Execute IRACR-O; we can find that \(X_{2}=\{x_{2},x_{3},x_{9}\}\) and \(X_{2}'=\{x_{2},x_{3},x_{9},y_{1}\}\), where \({\vert }X_{2}{/}D{\vert }=1\) and \({\vert }X_{2}'{/}D{\vert }\ne 1\). Hence, we update \(\hbox {CON}_{R}(D,U')=\{x_{1},x_{7},x_{4},x_{8},x_{2},x_{3},x_{9},y_{1}\}\) and \(\hbox {CON}_{C}(D,U')=\{x_{1},x_{7},x_{4},x_{8},x_{2},y_{1}\}\) and can get \({\vert }\hbox {CON}_{R}(D,U'){\vert }=8,\)\( {\vert \hbox {CON}_{C}(D,U'){\vert }=6}\) and \({\vert }\hbox {CON}_{R}(D,U'){\vert }\ne {\vert }\hbox {CON}_{C}(D,U'){\vert }\). Thus, we need to execute Step3 to add attributes for \(C-R\) into R. In the first circulation, we can get \(\textit{SIG}_{\mathrm{CON}}{}^{+}(c,R,D,U')=2\) and \({SIG}_{\mathrm{CON}}{}^{+}(d,R,D,U')=2\). Then, we select c into R, and have \(R=\{{ ab}\}\bigcup \{c\}=\{{abc}\}\). Thus, we have \({\vert }\hbox {CON}_{R}(D,U'){\vert }={\vert }\hbox {CON}_{C}(D,U'){\vert }=6\). Redundant attributes in R do not exist. Hence, the new reduct is \(R=\{{ abc}\}\).

Example 4

(Continuation of Example 1) For Table 1, \(R=\{{ab}\}\) is a reduct of the decision table S, and the three objects (i.e., \(y_{1}=(0,1,0,0,1)\), \(y_{2}=(0,1,0,1,1)\) and \(y_{3}=(1,0,1,0,2))\) are added into Table 1.
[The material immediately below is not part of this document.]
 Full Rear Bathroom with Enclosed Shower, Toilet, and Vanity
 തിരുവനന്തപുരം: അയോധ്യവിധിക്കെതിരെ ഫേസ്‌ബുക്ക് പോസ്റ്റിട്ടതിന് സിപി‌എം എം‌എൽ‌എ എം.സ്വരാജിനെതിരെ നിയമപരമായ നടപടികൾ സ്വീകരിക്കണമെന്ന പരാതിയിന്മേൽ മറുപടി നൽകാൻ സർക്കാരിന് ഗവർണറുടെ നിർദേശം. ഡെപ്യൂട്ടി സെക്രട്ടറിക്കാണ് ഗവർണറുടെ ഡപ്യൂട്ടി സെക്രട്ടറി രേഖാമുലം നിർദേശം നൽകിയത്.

(1) We suppose that the adding order is \(y_{1},y_{2},y_{3}\) and execute IRACR-M. From Example \(_{3}\), we can get \(R=\{{abc}\}\), \(\hbox {CON}_{R}(D,U')=\hbox {CON}_{C}(D,U')=\{x_{1},x_{7},x_{4},x_{8},x_{2},y_{1}\}\) and \(\hbox {QCON}_{R}(D,U')=\{\{x_{1},x_{7}\},\{x_{4},x_{8}\}\), \(\{x_{2},y_{1}\}\}\).

Then, adding \(y_{2}\) into the decision table, we can find that \(X_{2}=\{x_{2},y_{1}\}\) and \(X_{2}'=\{x_{2},y_{1},y_{2}\}\), where \({\vert }X_{2}{/}D{\vert }\ne 1\) and \({\vert }X_{2}'{/}D{\vert }\ne 1\). We update \(\hbox {CON}_{R}(D,U')=\{x_{1},x_{7},x_{4},x_{8},x_{2},y_{1},y_{2}\}\) and \(\hbox {CON}_{C}(D,U')=\{x_{1},x_{7},x_{4},x_{8},x_{2},y_{1}\}\); \({\vert }\hbox {CON}_{R}(D,U'){\vert }\ne {\vert }\hbox {CON}_{C}(D,U'){\vert }\). We select d into R and have \(R=\{{abc}\}\bigcup \{d\}=\{{abcd}\}\).
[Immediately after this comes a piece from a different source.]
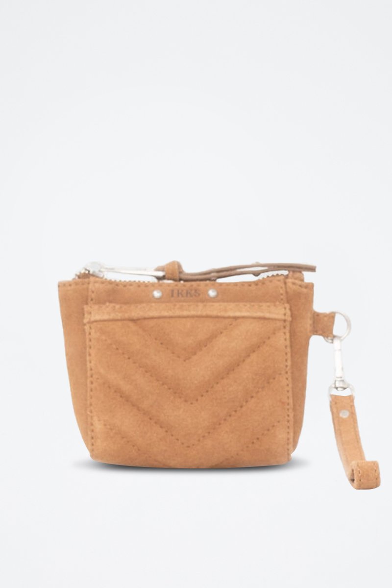 Efeito acolchoado, aplicação em metal e logótipo à frente.

Next, adding \(y_{3}\) into the decision table, we have \(\hbox {CON}_{R}(D,U')=\{x_{1},x_{7},x_{2},y_{1},x_{4},x_{8},y_{3}\}\) and \(\hbox {CON}_{C}(D,U')= \{x_{1},x_{7},x_{2},y_{1},x_{4},x_{8},y_{3} \}\); \({\vert }\hbox {CON}_{R}(D,U'){\vert }={\vert }\hbox {CON}_{C}(D,U'){\vert }\).

Finally, according to Steps 2–3, we find that a in R can be deleted. Hence, the new reduct is \( R=\{{bcd}\}\).
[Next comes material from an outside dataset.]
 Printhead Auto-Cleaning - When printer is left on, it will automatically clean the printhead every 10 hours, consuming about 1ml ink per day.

(2) We suppose that the adding order is \(y_{3},y_{2},y_{1}\) and execute the algorithm IRACR-M.

Similar to the above analysis, when \(y_{3}\) is added into the decision table, we can get \(\hbox {CON}_{R}(D,U')= \{x_{1},x_{7},x_{4},x_{8},y_{3}\}\) and \(\hbox {CON}_{R}(D,U')=\{ x_{1},x_{7},x_{4},x_{8},y_{3}\}\) such that \(R=\{{ab}\}\).

Then, adding \(y_{2}\) into the decision table, we can have \(\hbox {CON}_{R}(D,U')=\{x_{1},x_{7},x_{4},x_{8},\)\( y_{3},x_{2},y_{2}\}\) and \(\hbox {CON}_{C}(D,U')=\{x_{1},x_{7},x_{4},x_{8},y_{3}\}\), where \({\vert }\hbox {CON}_{R}(D,U'){\vert }\ne {\vert }\hbox {CON}_{C}(D,U'){\vert }\). We have \({SIG}_{\mathrm{CON}}{}^{+}(c,R,D,U')=0\) and \({SIG}_{\mathrm{CON}}{}^{+}(d,R,D,U')=2\). We select d into R and have \(R=\{{ ab}\}\bigcup \{d\}=\{{ abd}\}\), \(\hbox {CON}_{R}(D,U')=\{x_{1},x_{7},x_{4},x_{8},y_{3}\}\) and \(\hbox {CON}_{C}(D,U')=\{x_{1},x_{7},x_{4},x_{8},y_{3}\}\).

Next, adding \(y_{1}\) into the decision table, we have \(\hbox {CON}_{R}(D,U')=\{x_{1},x_{7},x_{2},y_{1},x_{4},x_{8}, \)\(y_{3}\}\) and \(\hbox {CON}_{C}(D,U')= \{x_{1},x_{7},x_{2},y_{1},x_{4},x_{8},y_{3} \}\); \({\vert }\hbox {CON}_{R}(D,U'){\vert }={\vert }\hbox {CON}_{C}(D,U'){\vert }\).

Finally, redundant attributes in R do not exist. Hence, the new reduct is \(R=\{{abd}\}\).

For Example 4, we can find that the results of the two reduction processes are not coincident because of the different orders in which objects are added.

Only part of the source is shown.